┌─ GIVEN DATA

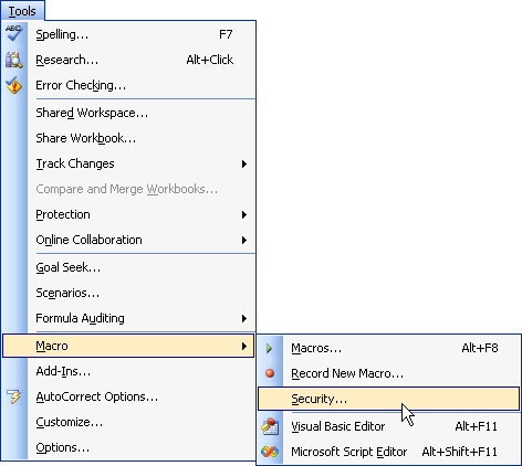 Enabling Macros in Office 2003 From the Tools menu, select Macro, then Security. The example below is from Excel. The menus in the other Office applications will appear slightly different.
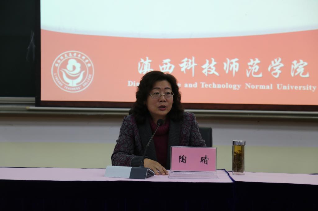 (文/宣传部 张玉超 图/校园记者 王一维)2016年1月8日,云南省委高校工委副书记陶晴应邀到校为我院教职员工宣讲党的十八届五中全会精神。党委书记张中义、院长那金华,副院长段佳美与教职工共同聆听宣讲。
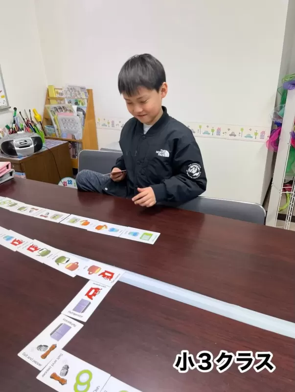「あった!」「こっちだよ!」と、みんな身を乗り出して白熱したバトルを繰り広げていました。楽しみながら学ぶ。これが英語を好きになる一番の近道ですね。

└─

TASK STATEMENT
Your job is to repeat the data exactly, leaving each picture out.

EXERCISE RESULT
 Enabling Macros in Office 2003 From the Tools menu, select Macro, then Security. The example below is from Excel. The menus in the other Office applications will appear slightly different.
 (文/宣传部 张玉超 图/校园记者 王一维)2016年1月8日,云南省委高校工委副书记陶晴应邀到校为我院教职员工宣讲党的十八届五中全会精神。党委书记张中义、院长那金华,副院长段佳美与教职工共同聆听宣讲。
「あった!」「こっちだよ!」と、みんな身を乗り出して白熱したバトルを繰り広げていました。楽しみながら学ぶ。これが英語を好きになる一番の近道ですね。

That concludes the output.